Take a look at this,i thought it was a toy at first!People say you shouldnt dress up dogs well i would hate to see what people would say about this!
I personally think it is wrong.
http://www.ad-mart.co.uk/cgi-bin/cl...sults_format=long&db_id=54257&query=retrieval


----------



## Rachael Polachek (Feb 19, 2005)

Someone posted a picture of a dyed chi a few months ago. I know some people liked it but it bothered me. I'm not even sure why but it just seems wrong... like maybe the owner is mocking their dog? I can't quite put my finger on why it bothers me but it does. :?


----------



## carmella chihuahua (May 16, 2005)

I can understand why it bothers you because it bothers me too!lol
Its just not right to do something to a dog which is so permement,with clothes you can whip them right off but dying the fur?Its unnatural and frankly a little cruel.


----------



## *Sarah* (Apr 19, 2005)

I cant say I agree with dying ummm WHY? springs to mind they have gorgeous coats as it is. plus that pink is ewwwww n I like pink lol


----------



## xfayex (Apr 4, 2005)

hmm i dont really know what to say, im not sure if it bothers me but im not sure if it doesnt. Its weird but i dont know much on the matter. Does it harm the dog? or inflame the skin?


----------



## Tinkerbell1 (May 28, 2005)

if think its a vegetable dye they use so its like a human dye where its made of natural things, god knows what they put in it to make it that colour though :shock:


----------



## Cooper (Jun 15, 2005)

I have a friend that has a poodle and she dyes her poodle all different colors. I think the dye-job that most disturbed me was at the gay pride parade a few years back when she did a rainbow dye job on the dog. :roll: 

I don't understand it but the dog seems to love it.

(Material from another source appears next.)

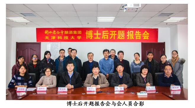 2017年12月20日上午,公司博士后開題報告會在酒都大廈1004會議室隆重召開,出席會議的有天津科技大學(xué)王敏院長、肖東光教授、趙樹欣教授、陳葉福教授、劉璐璐處長,集團公司副董事長張志民、酒業(yè)公司總經(jīng)理王占剛、酒業(yè)公司常務(wù)副總張煜行、技術(shù)中心主任李澤霞等。

I have a thing about poodles - I just can't stand them - so I rarely see the dog. But I've heard that she's currently yellow with white highlights.


----------



## Rachael Polachek (Feb 19, 2005)

Cooper said:


> I have a friend that has a poodle and she dyes her poodle all different colors. I think the dye-job that most disturbed me was at the gay pride parade a few years back when she did a rainbow dye job on the dog. :roll:
> 
> I don't understand it but the dog seems to love it.
> 
> I have a thing about poodles - I just can't stand them - so I rarely see the dog. But I've heard that she's currently yellow with white highlights.


She's using her dog as a fashion statement and that bothers me. On the other hand, maybe that's what we all do when we dress our dogs. :? But dyeing the fur *feels* wrong and I can't get past that.


----------



## Cooper (Jun 15, 2005)

Rachael Polachek said:


> She's using her dog as a fashion statement and that bothers me. On the other hand, maybe that's what we all do when we dress our dogs. :? But dyeing the fur *feels* wrong and I can't get past that.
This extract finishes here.